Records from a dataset
..............................

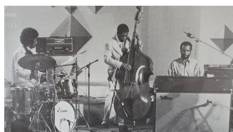
Ahmad Jamal Trio

Stockholm Jazz Trio startades i slutet av 2008 för att vid en konsert på Glenn Miller Café i Stockholm hylla den trio pianisten Oscar Peterson hade med Ray Brown på bas och Ed Thigpen på trummor mellan 1959 och 1964. Repertoaren bestod enbart av musik och arrangemang av Oscars berömda trio. Sedan dess har repertoaren utökats, och fastän fundamentet fortfarande är Oscar Peterson Trios musik förekommer nu arrangemang av andra kända jazzpianisters trior, till exempel:
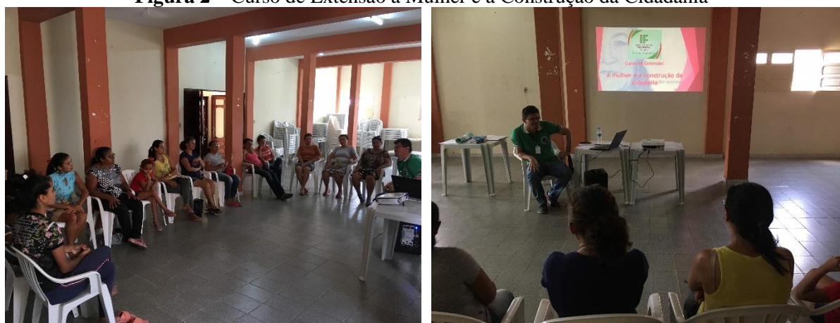
Figura 2 – Curso de Extensão a Mulher e a Construção da Cidadania

O presente Programa de Extensão foi desenvolvido de forma satisfatória, onde verificou-se um desenvolvimento entre as participantes, tanto do ponto de vista dos conteúdos abordados nos Cursos de Extensão, quanto nas Oficinas de Artesanato. A seguir, são apresentadas algumas imagens de ações realizadas.
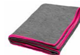
Tischdecke 200352 150 x 250 cm anthrazit | neonpink
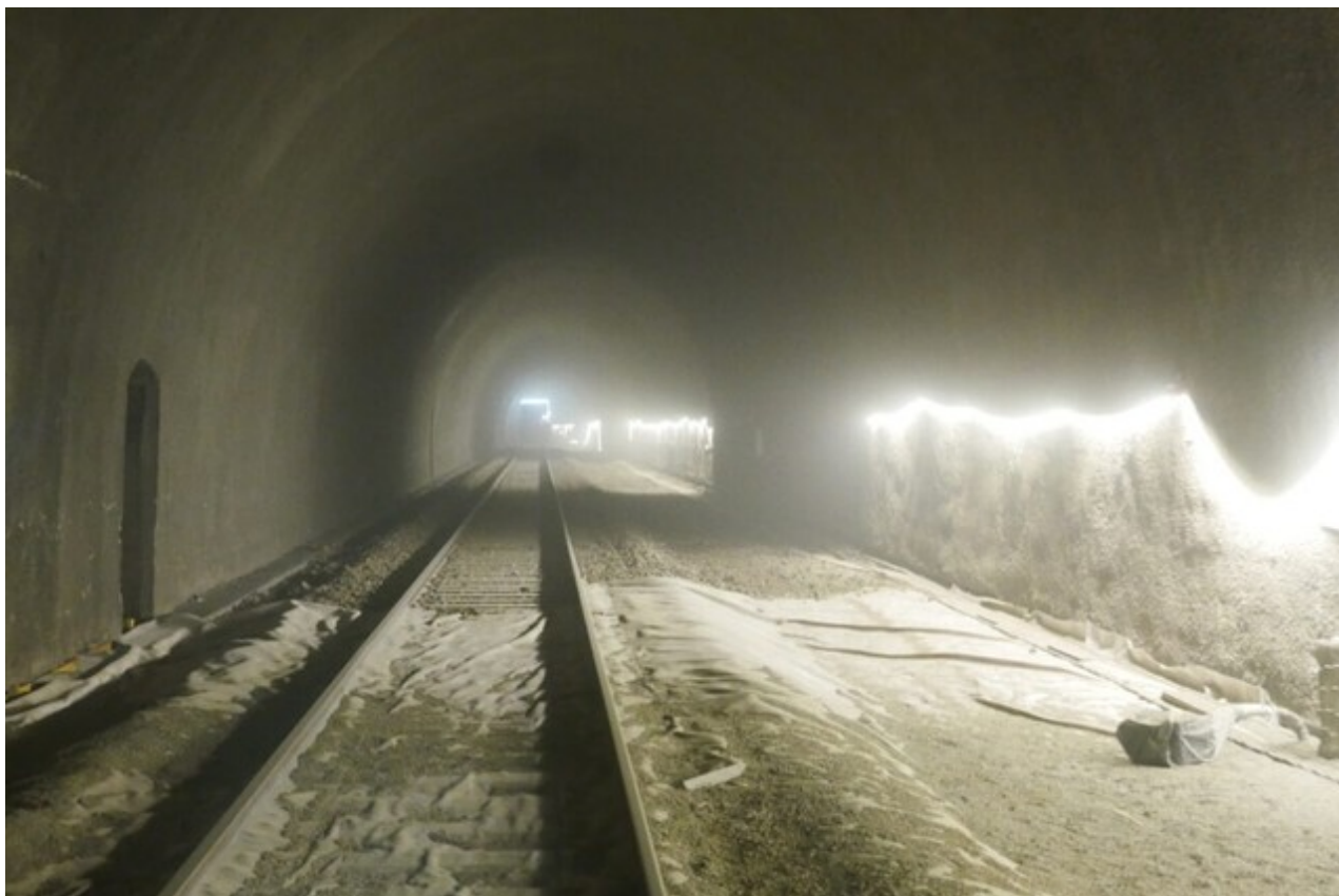
L'intérieur du tunnel lors des travaux de rénovation pendant l'hiver 2023/2024

Si cette fiche comporte des erreurs ou des oublis, merci de nous le signaler. Envoyez-nous vos photographies et documents pour la compléter.
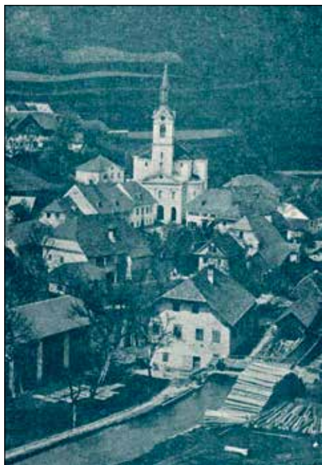
Fotografija, objavljena leta 1892 v reviji Dom in svet, prikazuje Trnje (Spodnji Železniki) 14 . V ospredju je ob kupu hloedov prikazana najstarejša hiša v Železnikih Palmada (dandanašnji imenovana Palnada), v ozadju pa se vidi cerkev sv. Antona.

V nadaljevanju časopisnega prispevka sledi obsežen seznam darovalcev in darov, ki pa ga na tem mestu izpuščamo ter podajamo samo skupno vsoto vseh prispevkov, ki so znašali: 5.045 goldinarjev in 14 \frac{1}{4} krajcarjev v C.M. (Conventmünze) ter 2.276 goldinarjev in 48 krajcarjev v W. W. (Wiener Währung), nadalje 723 \frac{9}{32} mernikov (445 m 3 ) žita ter stročnic in še posamezni darovi v naturalijah.
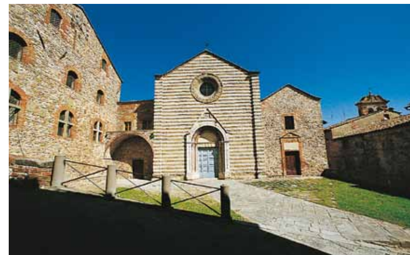
Lucignano, Chiesa di San Francesco

Although Second-World-War artillery severely damaged the main tower and walls of this castle built before the year 1000, Civitella remains one of the most typical examples of feudal architecture.
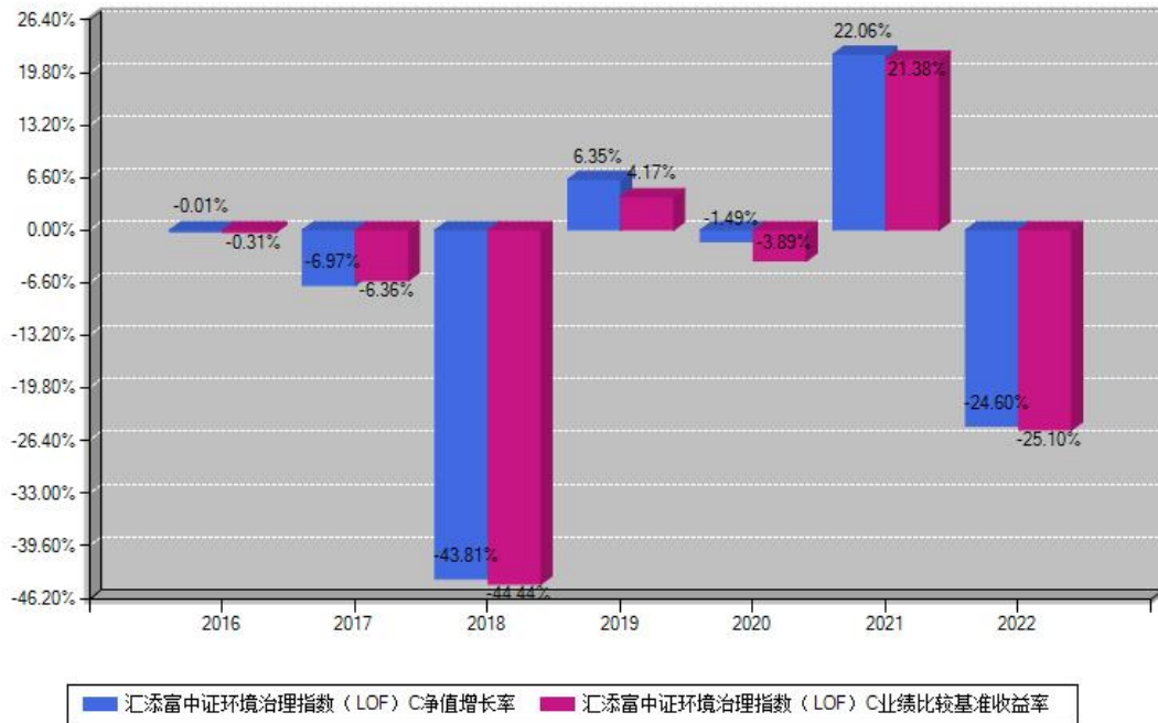
汇添富中证环境治理指数 (LOF) C 每年净值增长率与同期业绩基准收益率对比图

注：基金的过往业绩不代表未来表现。本《基金合同》生效之日为2016年12月29日，合同生效当年按实际存续期计算，不按整个自然年度进行折算。
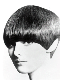
в) Стрижка «боб». Модель Грейс Коддінгтон, 1965 [16]
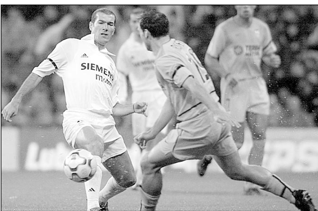
لحظة من مباراة ريال مدريد مع تيراسا

..............................

## Work order
Answer with the number alone after working out how many lines in the records contain the string "Extensão".

## Written response
2